Desperately out of touch with the American mainstream, Yglesias was born and raised in Manhattan and studied philosophy at Harvard where he was editor in chief of The Harvard Independent, a campus alternative weekly.

His latest writings can be found on the Matthew Yglesias blog.

Consolidation and Quality

By Matthew Yglesias
May 30 2008, 4:10 PM ET Comment

Robert McChesney and John Nichols write:

Recently we have seen an acceleration of the collapse of journalistic standards. Veteran reporters like Walter Cronkite are appalled by the mergermania that has swept the industry, diluting standards, dumbing down the news and gutting newsrooms. Rapid consolidation, evidenced most recently by the breakup of the once-venerable Knight-Ridder newspapers, the sale of the Tribune Company and its media properties and the swallowing of the Wall Street Journal by Murdoch's News Corp continues the steady replacement of civic and democratic values by commercial and entertainment priorities. But responsible journalists have less and less to say about newsroom agendas these days. The calls are being made by consultants and bean counters, who increasingly rely on official sources and talking-head pundits rather than newsgathering or serious debate.

The crisis is widespread, and it affects not just our policies but the politics that might improve them. There are two critical issues on which a free press must be skeptical of official statements, challenging to the powerful and rigorous in the search for truth. One of them is war--and in the case of the post-9/11 wars, our media have failed us miserably. (Even former White House press secretary Scott McClellan now acknowledges that the media were "complicit enablers" in the run-up to the Iraq invasion). The other issue is elections, when voters rely on media to provide them with what candidates, parties and interest groups often will not: a serious focus on issues that matter and on the responses of candidates to those issues. Instead, when the Democratic race was reaching its penultimate stage, the dominant story was a ridiculously overplayed discussion about Barack Obama's former minister. Before the critical Pennsylvania primary, studies show, the provocative Rev. Jeremiah Wright got more coverage than Obama's rival for the nomination, Hillary Clinton. And forget about issues--the most covered policy debate of the period, a ginned-up argument about whether to slash gas taxes for the summer, garnered only one-sixth as much attention as Wright.


I find these complaints about quality plausible, but the alleged connection of these problems to mergers and consolidation is hard for me to see. Preventing firms from assembling chains of newspapers (for example) wouldn't alleviate the declining revenue issues that are driving papers to cut their budgets. What preventing consolidation would do is make it difficult for newspaper firms to realize efficiencies (does every big city newspaper really need its own set of film and television critics? do the LA Times and Chicago Tribune need separate Washington bureaux?) that might let them still produce a decent product in the new economic climate.

What does seem true to me is that really excellent journalism is probably not compatible with strict adherence to a profit-maximizing imperative.

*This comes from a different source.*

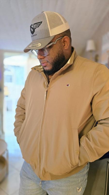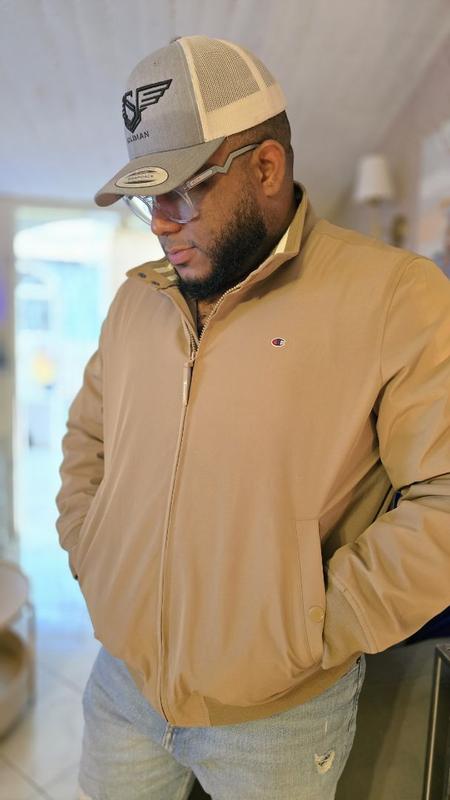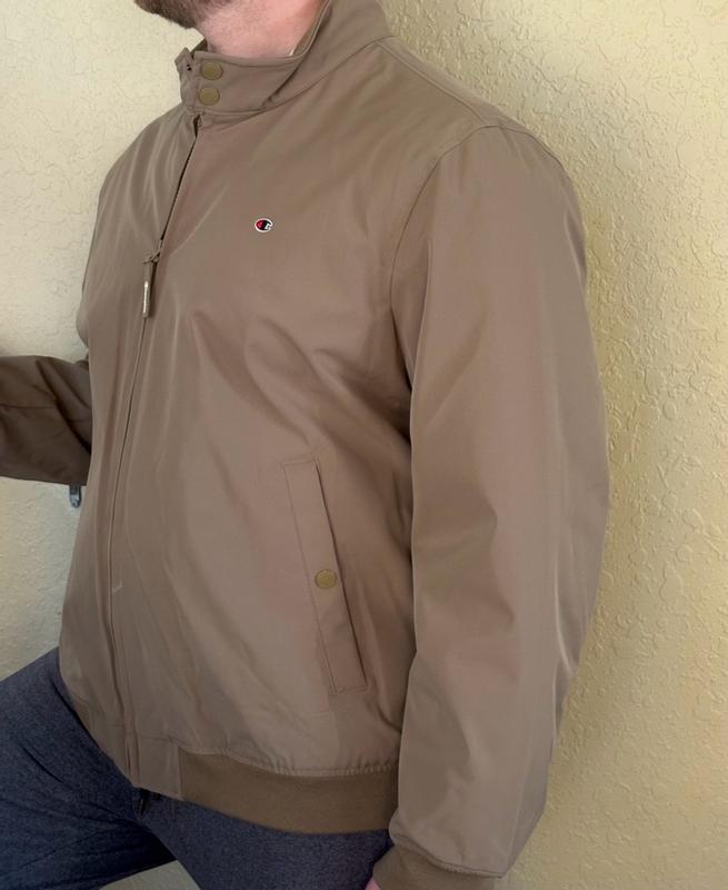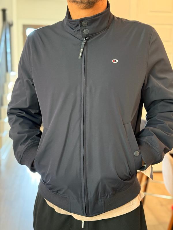 The Flex Tech Golf Jacket from Champion provides protection from the elements in a medium-weight shell. Full zip front, with two side button-clasp pockets and a hidden interior zip pocket on the left side. Small Champion insignia on the left chest, and not too loud or attention-seeking; perfect for those looking for minimalistic brands. The coat has a regular fit to it - at 5’11” 210 lbs., athletic build, an XL fits semi-loose without being too baggy or slovenly. A Large would have been fitted and snug, so size up or down depending on your style preference. The jacket provides warmth for temperatures seen on a cool fall or warm winter day. Very soft and allows for easy movement - perfect for those early morning tee times.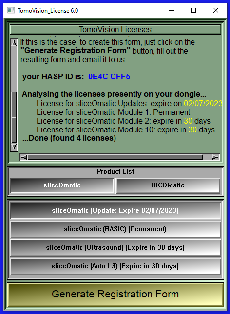 You do not usually need to open it. It is open automatically for you when you drag&drop a license on the sliceO program. However, if you have problems with your licenses and at some point we ask you for your "Registration Form", this is the program used to create it.

It's not a coincidence that the most interesting newspapers and magazines in the United States tend to be run as private or family-controlled or non-profit enterprises, thus allowing managers to pursue ideals other than the pure pursuit of profit. That's long been the case and will presumably continue to be the case, and the issue is largely one of whether or not an adequate number of new people and families can be persuaded to step up, as some old players (like the Bancroft's) decide to abandon journalism.

But it's difficult for me to see how enhanced FCC scrutiny of proposed mergers is going to compel news organizations to become more substantive in their coverage. And it's very difficult for me to see how enhanced FCC scrutiny of proposed mergers is going to compel news organizations to become more skeptical of official claims. It seems to me that such scrutiny would make news organizations more inclined to shade their coverage in order to curry favor with the powers that be.